• Given information:
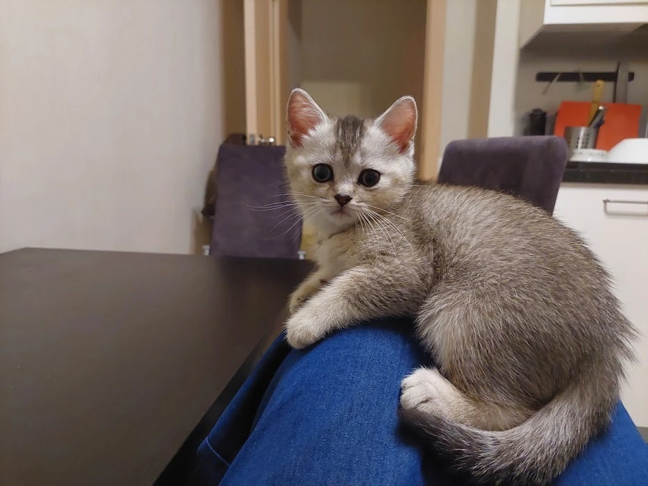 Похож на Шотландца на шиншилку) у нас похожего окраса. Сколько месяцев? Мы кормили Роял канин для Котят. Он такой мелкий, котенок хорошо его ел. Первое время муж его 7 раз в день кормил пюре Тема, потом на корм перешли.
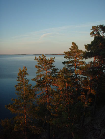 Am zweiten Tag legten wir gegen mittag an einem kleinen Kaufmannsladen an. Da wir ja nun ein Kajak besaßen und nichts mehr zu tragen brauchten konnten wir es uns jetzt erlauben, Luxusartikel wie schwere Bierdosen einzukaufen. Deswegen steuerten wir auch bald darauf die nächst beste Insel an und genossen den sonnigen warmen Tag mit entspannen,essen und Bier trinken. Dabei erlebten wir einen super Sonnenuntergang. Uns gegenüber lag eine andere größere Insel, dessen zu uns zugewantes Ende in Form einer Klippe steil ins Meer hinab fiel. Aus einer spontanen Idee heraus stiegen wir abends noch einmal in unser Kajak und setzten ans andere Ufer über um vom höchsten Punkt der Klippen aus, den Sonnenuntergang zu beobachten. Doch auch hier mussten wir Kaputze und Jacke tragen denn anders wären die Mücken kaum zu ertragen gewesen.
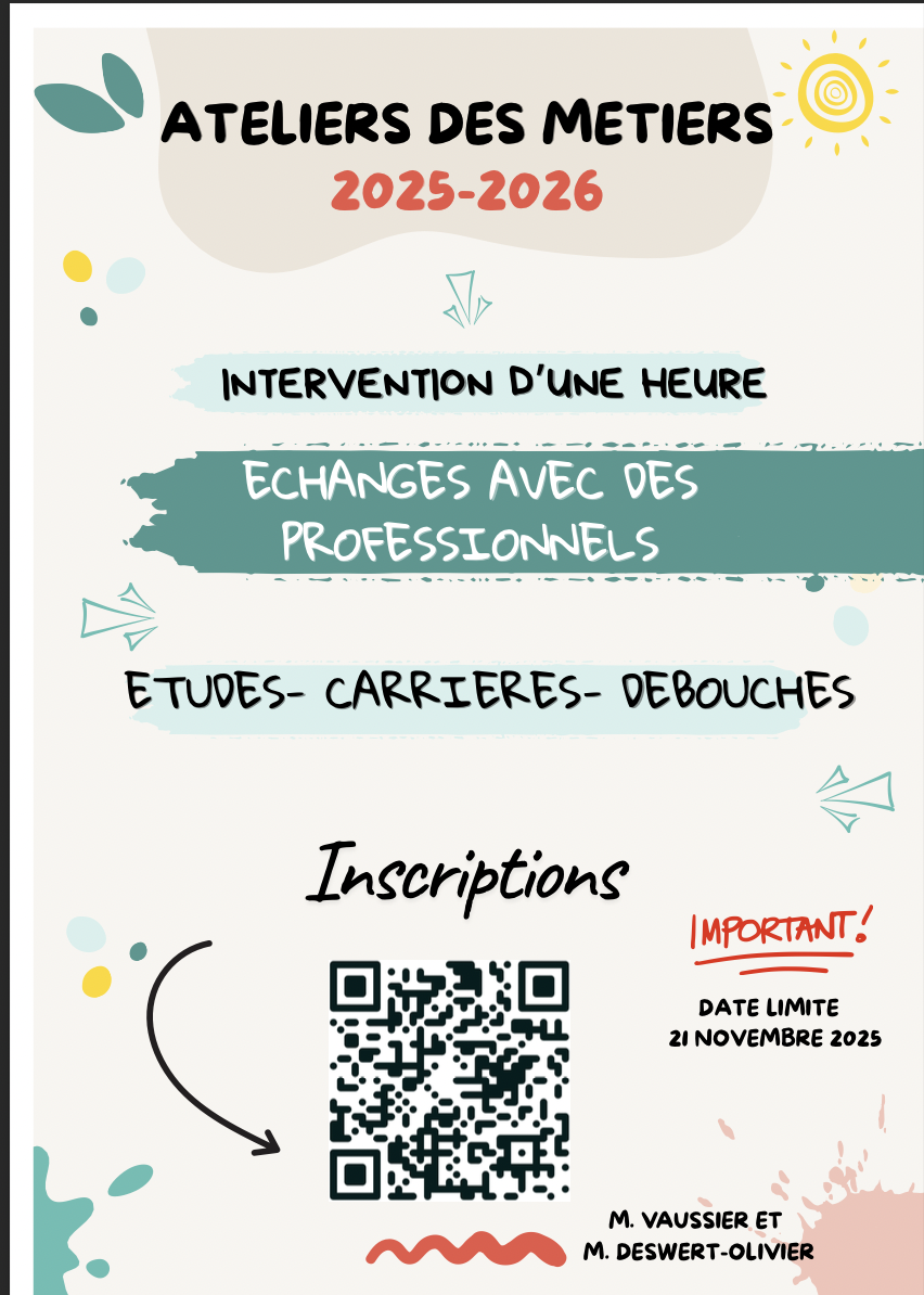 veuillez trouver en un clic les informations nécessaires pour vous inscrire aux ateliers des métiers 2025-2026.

• Task details:
Transcribe the material above in full. No picture is to be copied.

• Solution for this problem:
 Похож на Шотландца на шиншилку) у нас похожего окраса. Сколько месяцев? Мы кормили Роял канин для Котят. Он такой мелкий, котенок хорошо его ел. Первое время муж его 7 раз в день кормил пюре Тема, потом на корм перешли.
 Am zweiten Tag legten wir gegen mittag an einem kleinen Kaufmannsladen an. Da wir ja nun ein Kajak besaßen und nichts mehr zu tragen brauchten konnten wir es uns jetzt erlauben, Luxusartikel wie schwere Bierdosen einzukaufen. Deswegen steuerten wir auch bald darauf die nächst beste Insel an und genossen den sonnigen warmen Tag mit entspannen,essen und Bier trinken. Dabei erlebten wir einen super Sonnenuntergang. Uns gegenüber lag eine andere größere Insel, dessen zu uns zugewantes Ende in Form einer Klippe steil ins Meer hinab fiel. Aus einer spontanen Idee heraus stiegen wir abends noch einmal in unser Kajak und setzten ans andere Ufer über um vom höchsten Punkt der Klippen aus, den Sonnenuntergang zu beobachten. Doch auch hier mussten wir Kaputze und Jacke tragen denn anders wären die Mücken kaum zu ertragen gewesen.
 veuillez trouver en un clic les informations nécessaires pour vous inscrire aux ateliers des métiers 2025-2026.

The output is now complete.